The generation of prospectively ascertained study populations by the opt-in approach is resource-intensive and therefore often focuses on specific diseases or therapies. In contrast, the opt-out approach can generate very large datasets that include a rich diversity of phenotypes. Further, surveys indicate that the opt-in model may exclude large segments of the population,2830 whereas, in the opt-out model we describe here, the resource has the potential to be more broad-based and is not limited by prospectively designed research questions. Indeed, a default opt-out recruitment approach has been advocated for all “low-risk” studies.31

Research involving DNA generates uneasiness among some sections of both science and lay communities because of the perceived potential for re-identification and the attendant potential for the unintended use of such identification (e.g., genetic discrimination or coercion by law courts to reveal DNA samples or data).3234 An opt-in model allows participants to agree to the use of identified information for research; however, data containing genetic information housed within a de-identified resource has far less potential for unintended discriminatory use than an identified resource, even in the event of unlawful release. We therefore believe that there are specific advantages (despite the inconvenience and the cost, which are not inconsiderable in either model) to the approach we describe. We also recognize that the ability to utilize this resource would further safeguard the confidentiality of patients’ data by replacing fully identifiable records with IRB-approved protocols under a waiver-of-consent authorization.

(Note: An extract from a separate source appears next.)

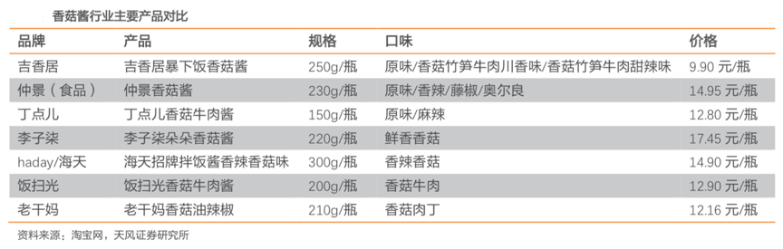 經(jīng)典案例:根據(jù)淘寶網(wǎng)、天風證券研究所等綜合資訊表明,仲景擁有“香菇綜合加工利 用技術”、“線性控溫炒醬技術”等核心技術,并除原味外開發(fā)出香辣、藤椒、奧爾良等豐富口味, 以適應消費者多元化的口味偏好。仲景憑借技術優(yōu)勢保證產(chǎn)品質量,仲景香菇醬價格高于主要產(chǎn)品的平均水平,在消費者追求食品品質、傾向于高端化的趨勢下,仲景香菇醬擁有較好的增長潛力。

There are other important challenges (e.g., technological, informatic, biostatistical) that must be addressed in order to achieve the goal of personalized medicine, and the resource we describe provides a test bed for implementing potential solutions.

Limitations of the opt-out approach

Because of date shifting we adopted while generating the SD, events tied to specific dates (e.g., studies of seasonal allergies) cannot be evaluated.

A concern raised during the design was that if specific alleles linked to a disease are discovered in a de-identified sample, there is no way to inform the patients who have contributed those samples. On the other hand, there are only a few genotype–phenotype relationships that are sufficiently well understood to warrant clinical intervention on the basis of information from a genotyping assay; when this occurs, such testing should become part of routine clinical care. In fact, progress in identifying and validating genotype–phenotype relationships worthy of clinical intervention has suffered,11,12,35 in part because of the lack of DNA-clinical resources large enough to provide sufficient statistical power to allow the study of complex diseases and pharmacogenomic trends involving matrices of genetic variants.

Because there is no recontact with the patient for acquiring additional samples, the collection of serum samples for proteomic analysis is not possible. Although this may become feasible in the future, issues such as sample handling and stability will need to be addressed. Similarly, very rare phenotypes, such as those associated with certain adverse drug reactions, are unlikely to be well represented in this resource. Targeted databases, often requiring participation by multiple centers with specific expertise or patient populations, may be required in order to address some of these issues;35 any large resource like this cannot address all questions for all investigators.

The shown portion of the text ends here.